[What is needed]
From the entries below, copy exactly the lines from the one that contains "Download or print" through the one that contains "Director of the", both included, and only those.
##### Recorded information
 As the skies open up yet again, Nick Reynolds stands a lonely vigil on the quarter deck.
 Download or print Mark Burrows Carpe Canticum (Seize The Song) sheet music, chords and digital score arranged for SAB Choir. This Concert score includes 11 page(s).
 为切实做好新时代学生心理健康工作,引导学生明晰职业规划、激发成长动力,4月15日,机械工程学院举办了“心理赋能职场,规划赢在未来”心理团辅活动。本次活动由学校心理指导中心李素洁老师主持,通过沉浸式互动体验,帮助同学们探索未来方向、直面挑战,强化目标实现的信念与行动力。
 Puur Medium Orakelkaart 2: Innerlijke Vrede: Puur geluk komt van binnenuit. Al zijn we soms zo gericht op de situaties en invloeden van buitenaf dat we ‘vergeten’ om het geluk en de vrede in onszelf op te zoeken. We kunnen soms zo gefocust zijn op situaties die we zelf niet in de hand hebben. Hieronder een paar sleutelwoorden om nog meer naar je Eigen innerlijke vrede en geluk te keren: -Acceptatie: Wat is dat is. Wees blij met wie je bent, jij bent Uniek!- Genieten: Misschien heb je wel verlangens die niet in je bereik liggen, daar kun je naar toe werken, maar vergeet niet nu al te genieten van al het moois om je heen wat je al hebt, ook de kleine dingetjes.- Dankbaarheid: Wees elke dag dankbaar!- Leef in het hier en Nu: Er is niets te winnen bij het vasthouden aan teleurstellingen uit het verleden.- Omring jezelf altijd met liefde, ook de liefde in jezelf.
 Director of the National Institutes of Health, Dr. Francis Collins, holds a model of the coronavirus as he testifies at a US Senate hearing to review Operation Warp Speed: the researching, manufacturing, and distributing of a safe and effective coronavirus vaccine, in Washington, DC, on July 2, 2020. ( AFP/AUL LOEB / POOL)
##########
##### Recorded information
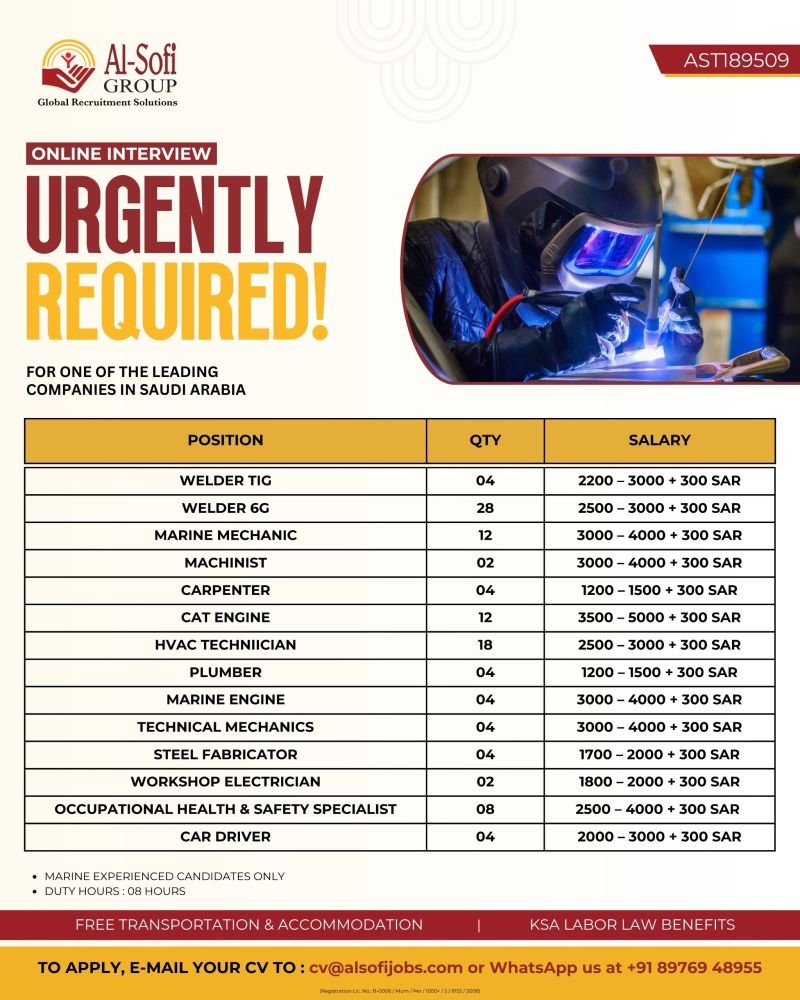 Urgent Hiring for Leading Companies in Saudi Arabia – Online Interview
##########
[Solution for this task]
 Download or print Mark Burrows Carpe Canticum (Seize The Song) sheet music, chords and digital score arranged for SAB Choir. This Concert score includes 11 page(s).
 为切实做好新时代学生心理健康工作,引导学生明晰职业规划、激发成长动力,4月15日,机械工程学院举办了“心理赋能职场,规划赢在未来”心理团辅活动。本次活动由学校心理指导中心李素洁老师主持,通过沉浸式互动体验,帮助同学们探索未来方向、直面挑战,强化目标实现的信念与行动力。
 Puur Medium Orakelkaart 2: Innerlijke Vrede: Puur geluk komt van binnenuit. Al zijn we soms zo gericht op de situaties en invloeden van buitenaf dat we ‘vergeten’ om het geluk en de vrede in onszelf op te zoeken. We kunnen soms zo gefocust zijn op situaties die we zelf niet in de hand hebben. Hieronder een paar sleutelwoorden om nog meer naar je Eigen innerlijke vrede en geluk te keren: -Acceptatie: Wat is dat is. Wees blij met wie je bent, jij bent Uniek!- Genieten: Misschien heb je wel verlangens die niet in je bereik liggen, daar kun je naar toe werken, maar vergeet niet nu al te genieten van al het moois om je heen wat je al hebt, ook de kleine dingetjes.- Dankbaarheid: Wees elke dag dankbaar!- Leef in het hier en Nu: Er is niets te winnen bij het vasthouden aan teleurstellingen uit het verleden.- Omring jezelf altijd met liefde, ook de liefde in jezelf.
 Director of the National Institutes of Health, Dr. Francis Collins, holds a model of the coronavirus as he testifies at a US Senate hearing to review Operation Warp Speed: the researching, manufacturing, and distributing of a safe and effective coronavirus vaccine, in Washington, DC, on July 2, 2020. ( AFP/AUL LOEB / POOL)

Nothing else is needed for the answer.